You probably don't see the leaks because you are not giving the right
parameters to the application (list of source, destination URL pairs) -- my
fault sorry.

Something like (use more URL's to see the leaky behavior even with top):

./a.out
gsiftp://litchi.zib.de/data/gridlab/viz_input/short_herrmann_pi2/ADM-BS_Gx_3D_diagonal.xg
gsiftp://litchi.zib.de/tmp/aa/ADM-BS_Gx_3D_diagonal.xg
gsiftp://litchi.zib.de/data/gridlab/viz_input/short_herrmann_pi2/ADM-BS_Gx_maximum.xg
gsiftp://litchi.zib.de/tmp/aa/ADM-BS_Gx_maximum.xg
gsiftp://litchi.zib.de/data/gridlab/viz_input/short_herrmann_pi2/ADM-BS_Gx_minimum.xg
gsiftp://litchi.zib.de/tmp/aa/ADM-BS_Gx_minimum.xg
gsiftp://litchi.zib.de/data/gridlab/viz_input/short_herrmann_pi2/ADM-BS_Gx_norm1.xg
gsiftp://litchi.zib.de/tmp/aa/ADM-BS_Gx_norm1.xg
gsiftp://litchi.zib.de/data/gridlab/viz_input/short_herrmann_pi2/ADM-BS_Gx_norm2.xg
gsiftp://litchi.zib.de/tmp/aa/ADM-BS_Gx_norm2.xg

the build is multithreaded.

Andrei
------- Comment #8 From 2004-07-23 12:12:51 -------
Created an attachment (id=414) [details]
fixes leak in flush_url_state

Ok, now I see why you're seeing the leak and not me.  You're using the same
host/port for the source and destination.  This causes the cache to act
differently than it normally would since it only allows one entry per host/port
pair.  It's also a rare case since there is no point (other than testing ;-))
in doing a transfer between two servers on the same machine.

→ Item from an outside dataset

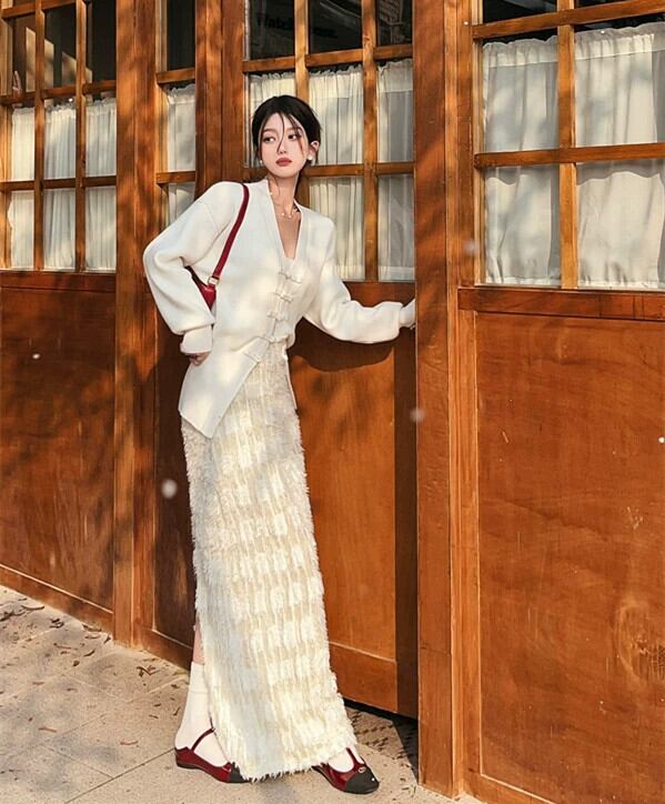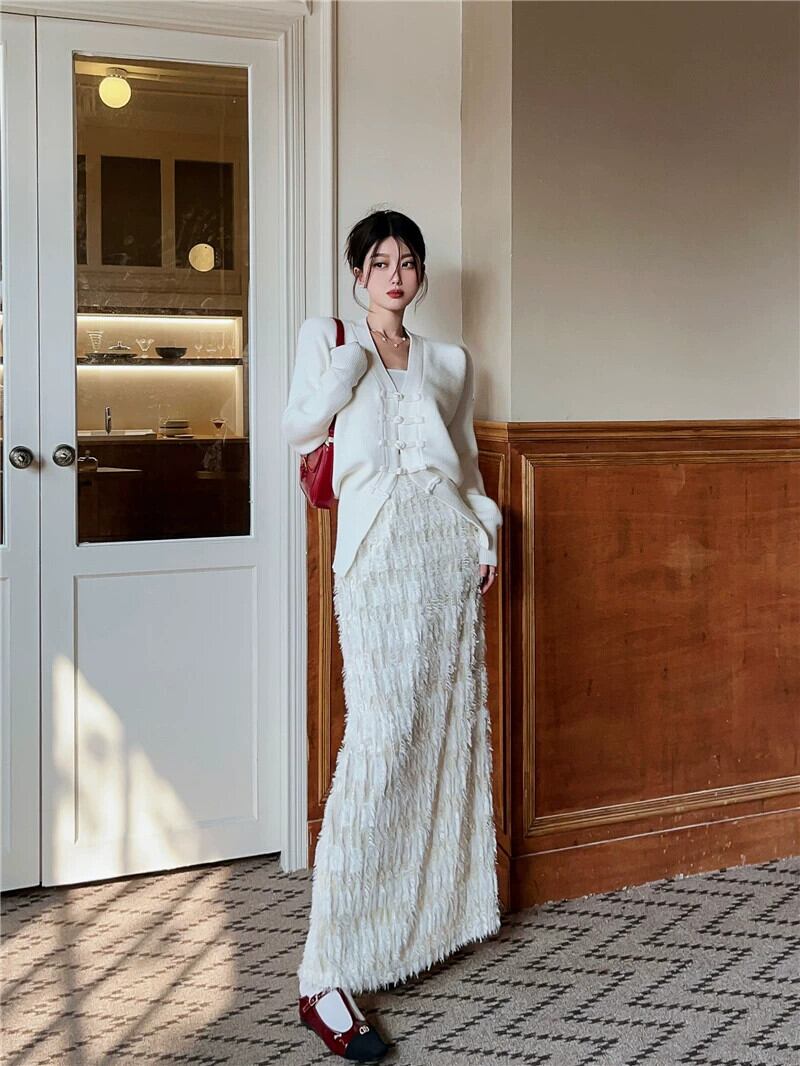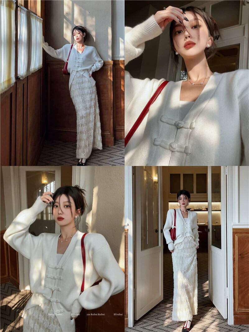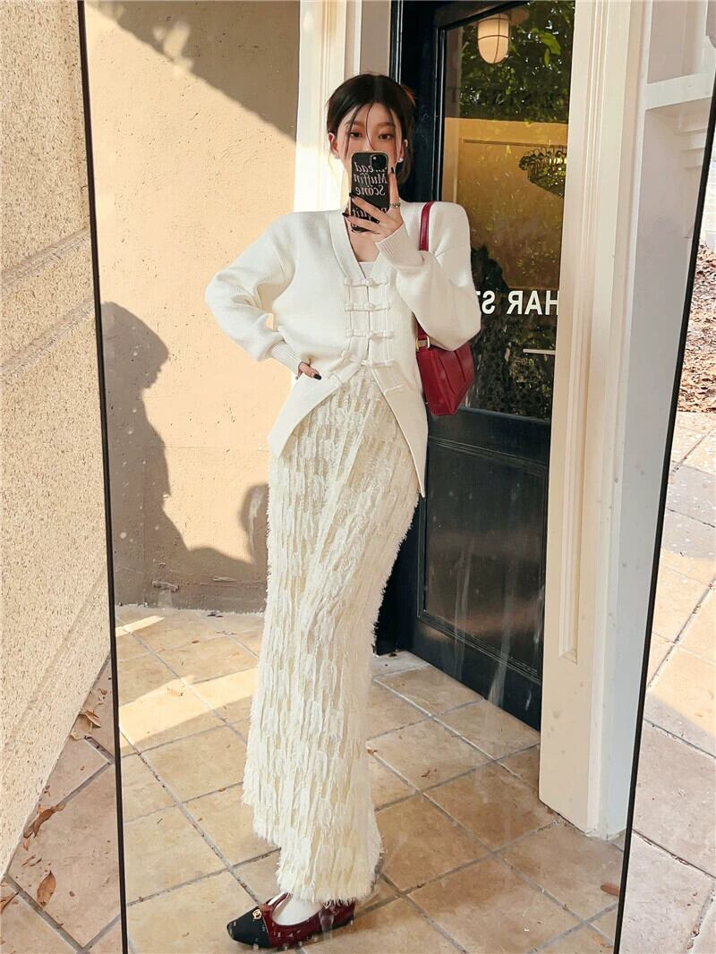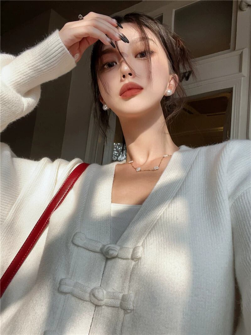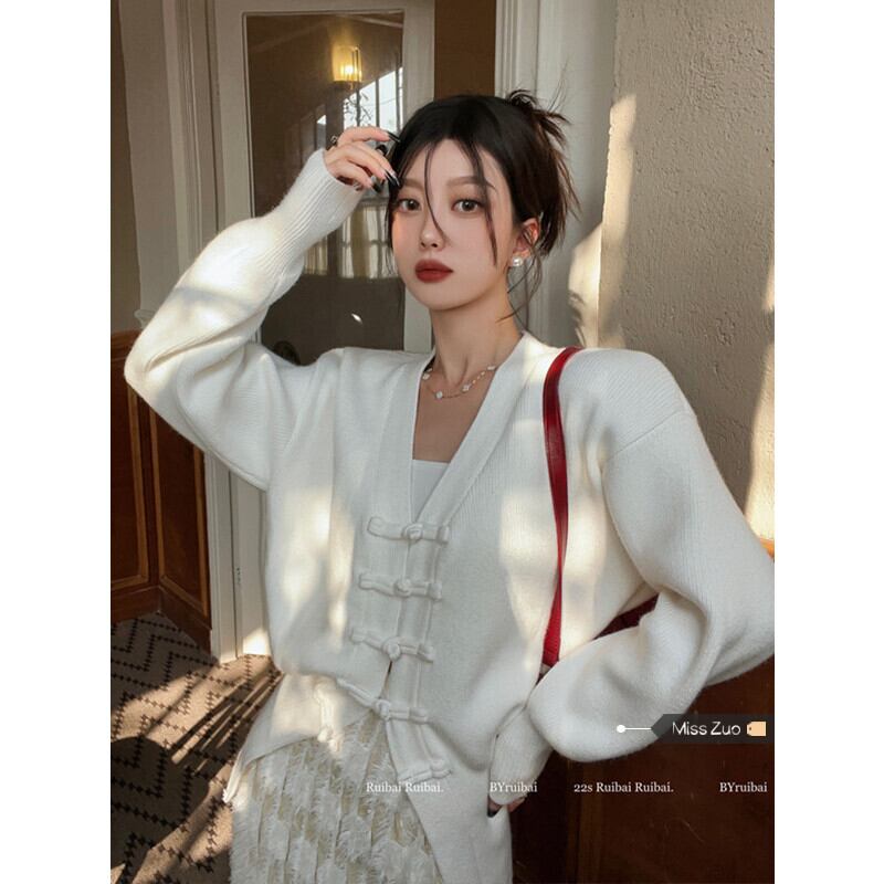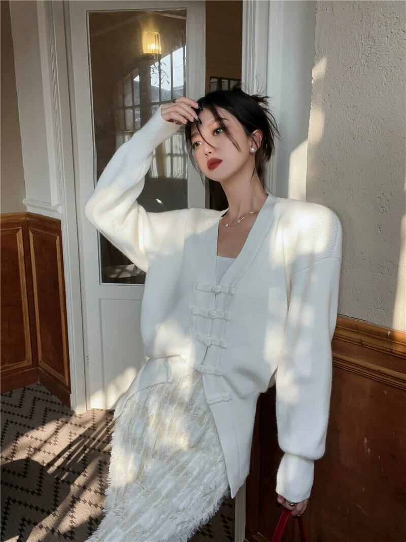 中国風セーターコート女性怠惰な高級感秋冬2023スタイルフレンチジェントルスタイルホワイトニットカーディガン オータム 秋物 ウィンター 冬物 8571640337903616
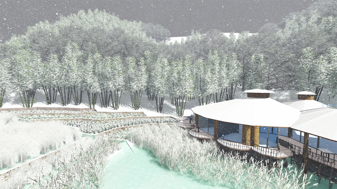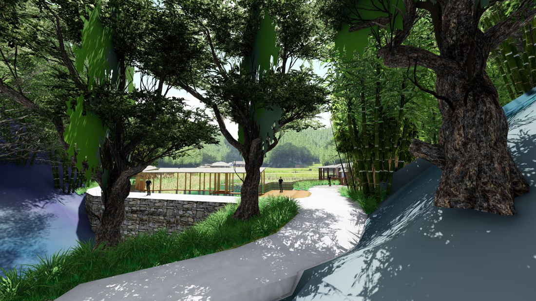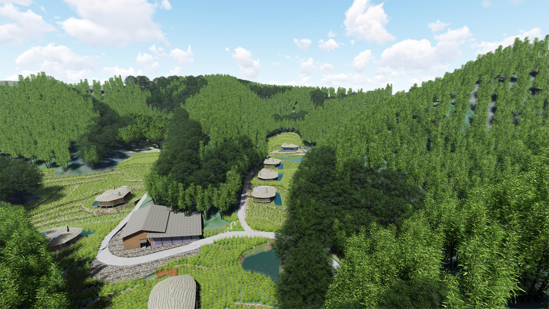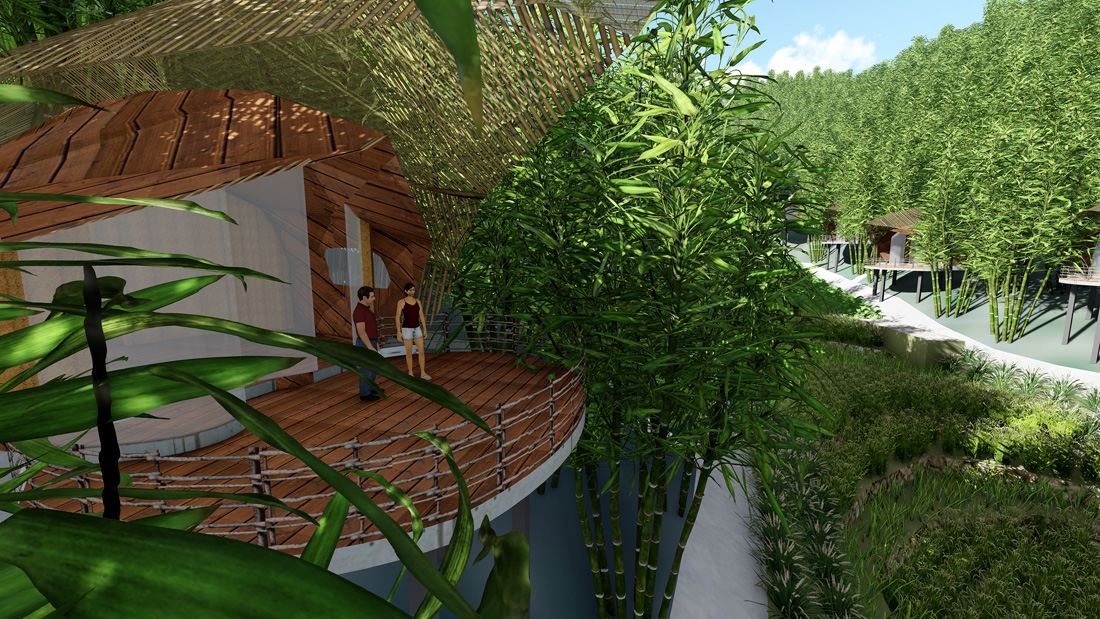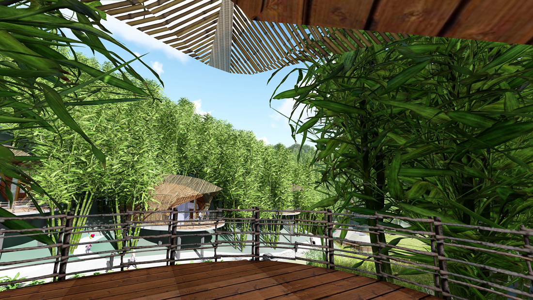 林间住宿区处于竹林处,建筑以竹子做外皮,隐藏于林间处;

I will track down and fix this leak.  If you'd like to test this theory, you
can change the source hostname to the actual ip in every url you use and verify
that the leak is gone.

Also, your use of flush_state flushed out another leak that is fixed by the
attached patch.

Joe
------- Comment #9 From 2004-07-23 12:54:52 -------
Created an attachment (id=415) [details]
fix leak when using same host for source and dest


This should fix everything.  An update package will be made available on our
advisories page soon.